What this task involves: So that the copy stays text only, transcribe the data below exactly and exclude the images.

Dataset:
--
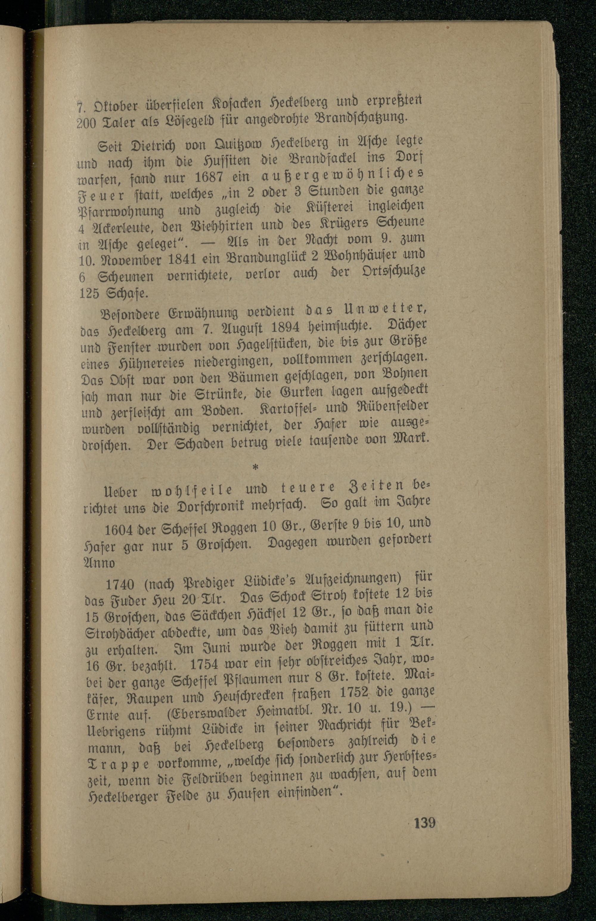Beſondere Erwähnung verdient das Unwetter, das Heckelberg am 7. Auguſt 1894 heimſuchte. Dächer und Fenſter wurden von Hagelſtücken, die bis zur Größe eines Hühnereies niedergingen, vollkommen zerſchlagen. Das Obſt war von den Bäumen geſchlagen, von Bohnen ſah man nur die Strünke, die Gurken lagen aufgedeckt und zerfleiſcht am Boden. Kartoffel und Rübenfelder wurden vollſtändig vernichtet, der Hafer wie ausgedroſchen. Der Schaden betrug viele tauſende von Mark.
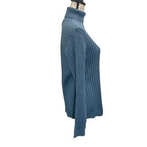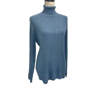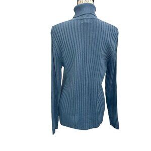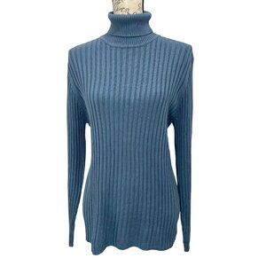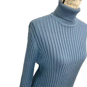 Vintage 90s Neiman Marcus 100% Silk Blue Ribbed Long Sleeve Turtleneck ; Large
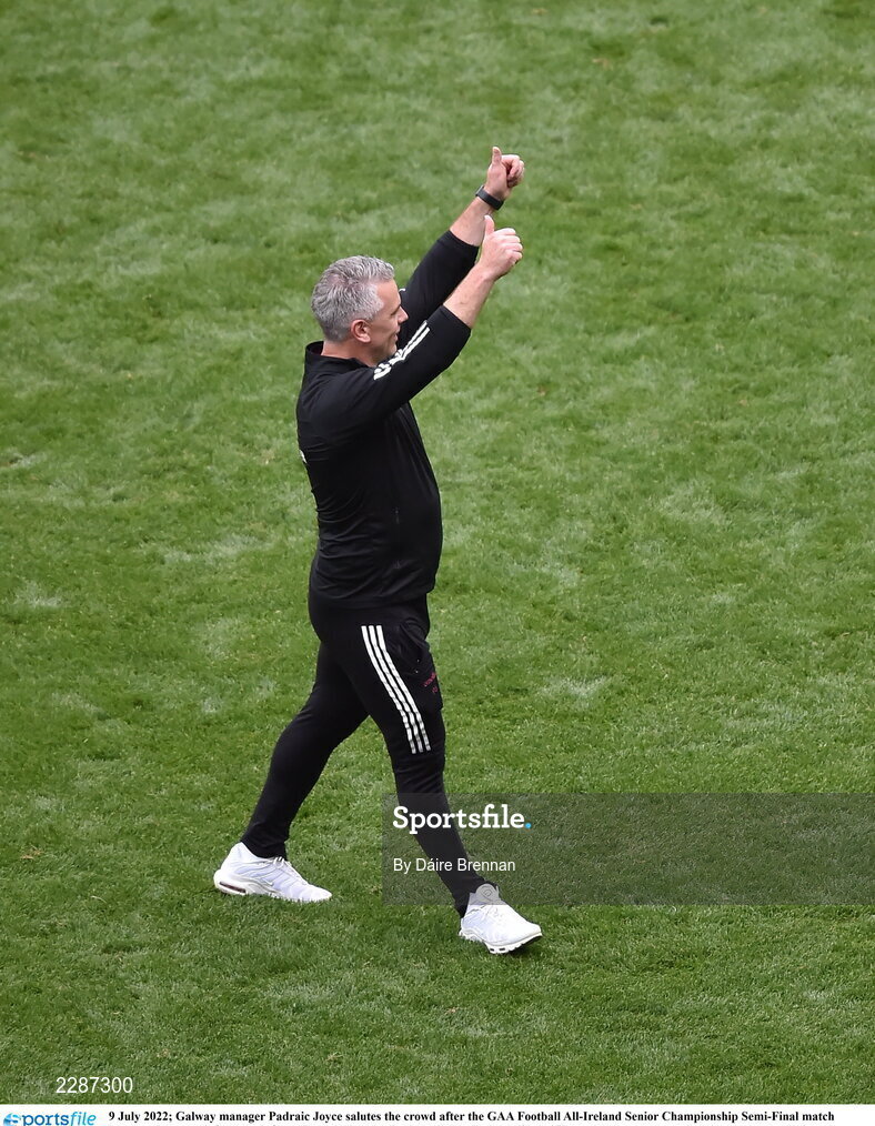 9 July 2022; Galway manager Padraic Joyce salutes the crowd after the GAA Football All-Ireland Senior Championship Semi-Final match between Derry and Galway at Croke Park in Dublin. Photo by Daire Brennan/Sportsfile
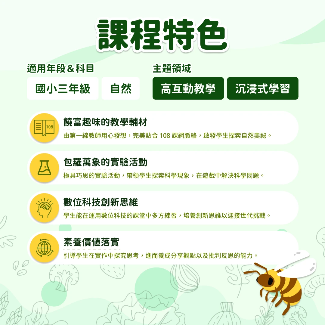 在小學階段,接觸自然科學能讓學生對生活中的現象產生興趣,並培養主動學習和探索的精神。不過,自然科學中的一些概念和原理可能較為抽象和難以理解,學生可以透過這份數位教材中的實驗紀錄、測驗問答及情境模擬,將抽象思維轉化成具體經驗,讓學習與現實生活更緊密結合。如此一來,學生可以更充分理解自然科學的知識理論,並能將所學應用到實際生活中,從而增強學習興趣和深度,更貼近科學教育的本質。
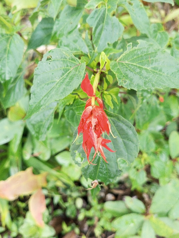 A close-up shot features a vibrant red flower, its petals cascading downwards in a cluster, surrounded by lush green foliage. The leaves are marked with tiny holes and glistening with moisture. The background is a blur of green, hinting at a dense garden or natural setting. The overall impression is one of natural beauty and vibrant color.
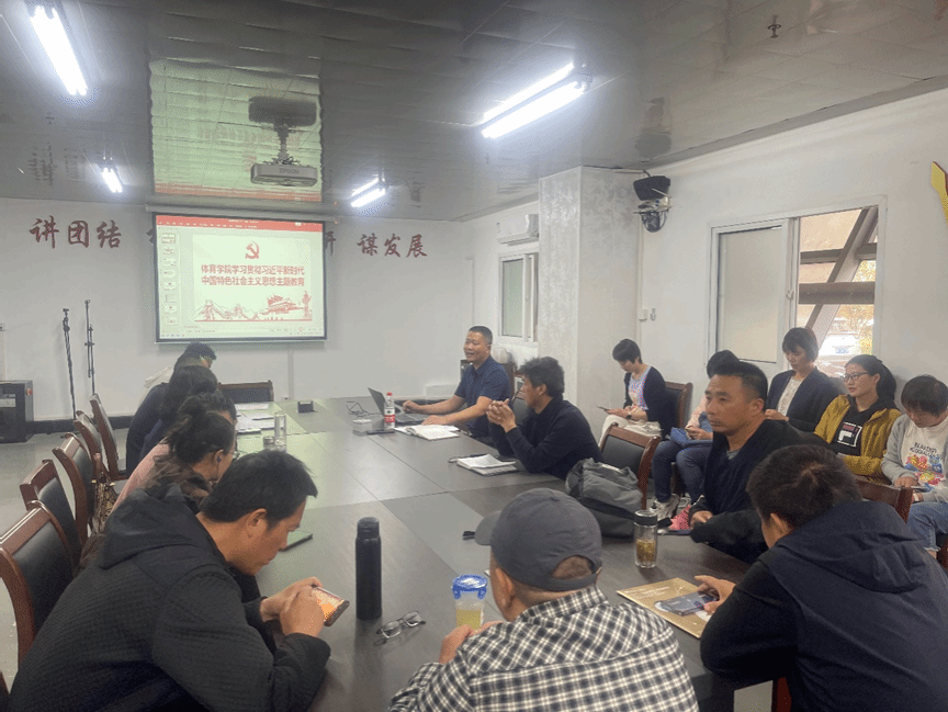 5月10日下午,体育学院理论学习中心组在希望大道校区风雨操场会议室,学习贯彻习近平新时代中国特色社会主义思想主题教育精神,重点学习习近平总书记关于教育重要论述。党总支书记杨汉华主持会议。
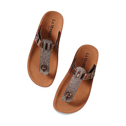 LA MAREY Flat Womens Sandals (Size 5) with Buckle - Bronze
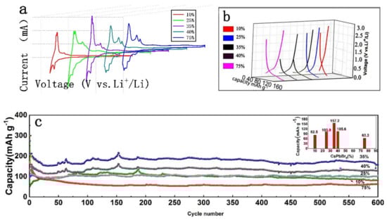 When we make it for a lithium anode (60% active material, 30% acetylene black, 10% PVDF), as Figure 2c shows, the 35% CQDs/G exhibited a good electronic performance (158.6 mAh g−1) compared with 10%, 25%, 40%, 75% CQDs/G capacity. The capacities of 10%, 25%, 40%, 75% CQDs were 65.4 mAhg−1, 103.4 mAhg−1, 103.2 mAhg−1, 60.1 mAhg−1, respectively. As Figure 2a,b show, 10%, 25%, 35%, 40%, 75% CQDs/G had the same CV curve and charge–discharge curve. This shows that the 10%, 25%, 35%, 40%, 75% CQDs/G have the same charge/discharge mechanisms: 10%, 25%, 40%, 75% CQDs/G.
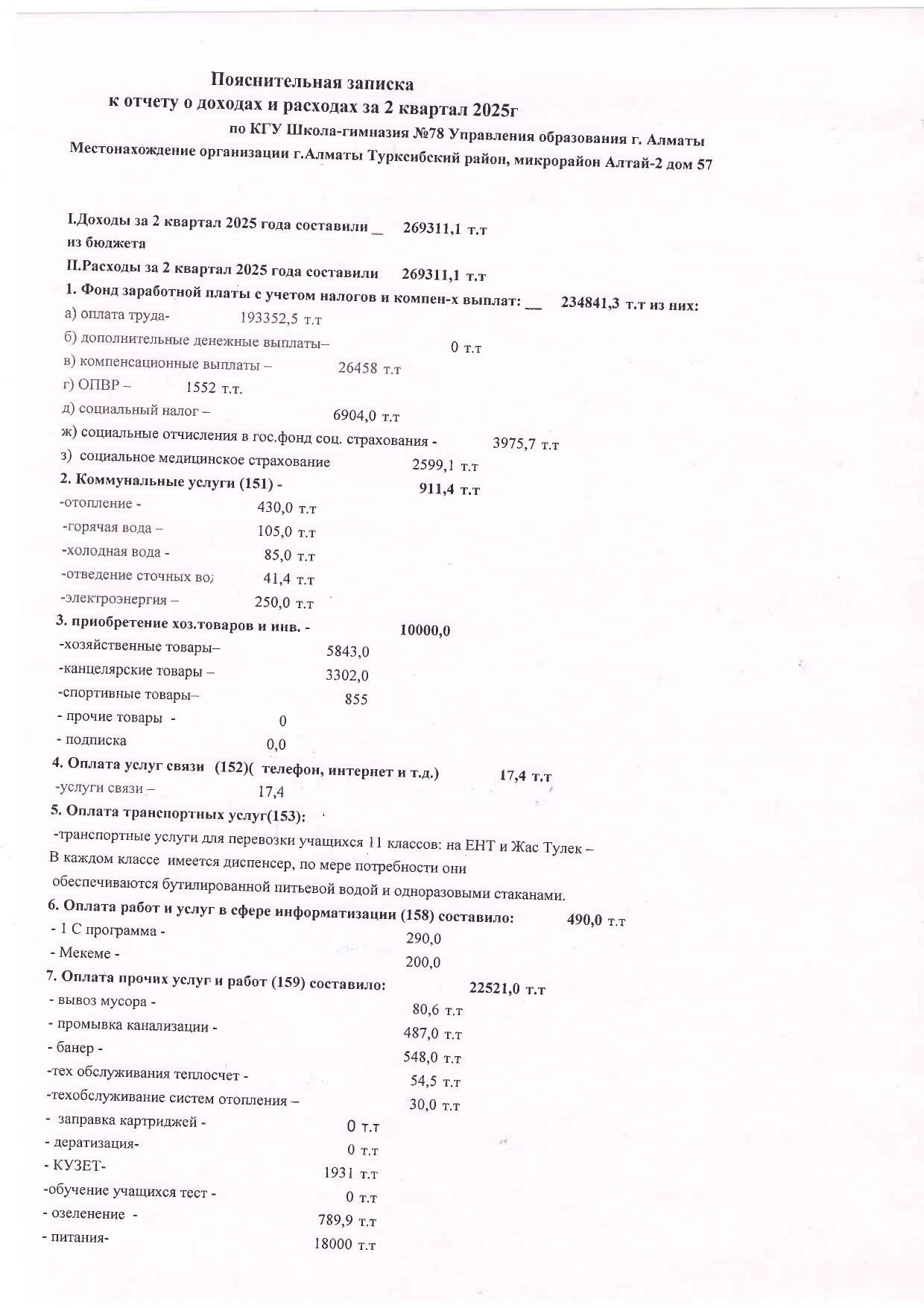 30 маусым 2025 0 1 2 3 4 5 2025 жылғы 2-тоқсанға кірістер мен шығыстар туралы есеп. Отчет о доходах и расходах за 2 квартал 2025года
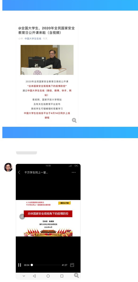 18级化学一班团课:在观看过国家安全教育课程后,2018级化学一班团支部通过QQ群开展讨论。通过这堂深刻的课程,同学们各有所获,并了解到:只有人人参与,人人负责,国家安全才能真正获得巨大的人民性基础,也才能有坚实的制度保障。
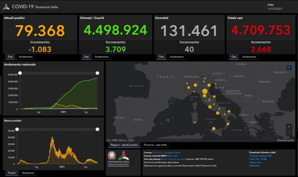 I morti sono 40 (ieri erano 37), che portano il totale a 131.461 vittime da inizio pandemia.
--
Result:
Beſondere Erwähnung verdient das Unwetter, das Heckelberg am 7. Auguſt 1894 heimſuchte. Dächer und Fenſter wurden von Hagelſtücken, die bis zur Größe eines Hühnereies niedergingen, vollkommen zerſchlagen. Das Obſt war von den Bäumen geſchlagen, von Bohnen ſah man nur die Strünke, die Gurken lagen aufgedeckt und zerfleiſcht am Boden. Kartoffel und Rübenfelder wurden vollſtändig vernichtet, der Hafer wie ausgedroſchen. Der Schaden betrug viele tauſende von Mark.
 Vintage 90s Neiman Marcus 100% Silk Blue Ribbed Long Sleeve Turtleneck ; Large
 9 July 2022; Galway manager Padraic Joyce salutes the crowd after the GAA Football All-Ireland Senior Championship Semi-Final match between Derry and Galway at Croke Park in Dublin. Photo by Daire Brennan/Sportsfile
 在小學階段,接觸自然科學能讓學生對生活中的現象產生興趣,並培養主動學習和探索的精神。不過,自然科學中的一些概念和原理可能較為抽象和難以理解,學生可以透過這份數位教材中的實驗紀錄、測驗問答及情境模擬,將抽象思維轉化成具體經驗,讓學習與現實生活更緊密結合。如此一來,學生可以更充分理解自然科學的知識理論,並能將所學應用到實際生活中,從而增強學習興趣和深度,更貼近科學教育的本質。
 A close-up shot features a vibrant red flower, its petals cascading downwards in a cluster, surrounded by lush green foliage. The leaves are marked with tiny holes and glistening with moisture. The background is a blur of green, hinting at a dense garden or natural setting. The overall impression is one of natural beauty and vibrant color.
 5月10日下午,体育学院理论学习中心组在希望大道校区风雨操场会议室,学习贯彻习近平新时代中国特色社会主义思想主题教育精神,重点学习习近平总书记关于教育重要论述。党总支书记杨汉华主持会议。
 LA MAREY Flat Womens Sandals (Size 5) with Buckle - Bronze
 When we make it for a lithium anode (60% active material, 30% acetylene black, 10% PVDF), as Figure 2c shows, the 35% CQDs/G exhibited a good electronic performance (158.6 mAh g−1) compared with 10%, 25%, 40%, 75% CQDs/G capacity. The capacities of 10%, 25%, 40%, 75% CQDs were 65.4 mAhg−1, 103.4 mAhg−1, 103.2 mAhg−1, 60.1 mAhg−1, respectively. As Figure 2a,b show, 10%, 25%, 35%, 40%, 75% CQDs/G had the same CV curve and charge–discharge curve. This shows that the 10%, 25%, 35%, 40%, 75% CQDs/G have the same charge/discharge mechanisms: 10%, 25%, 40%, 75% CQDs/G.
 30 маусым 2025 0 1 2 3 4 5 2025 жылғы 2-тоқсанға кірістер мен шығыстар туралы есеп. Отчет о доходах и расходах за 2 квартал 2025года
 18级化学一班团课:在观看过国家安全教育课程后,2018级化学一班团支部通过QQ群开展讨论。通过这堂深刻的课程,同学们各有所获,并了解到:只有人人参与,人人负责,国家安全才能真正获得巨大的人民性基础,也才能有坚实的制度保障。
 I morti sono 40 (ieri erano 37), che portano il totale a 131.461 vittime da inizio pandemia.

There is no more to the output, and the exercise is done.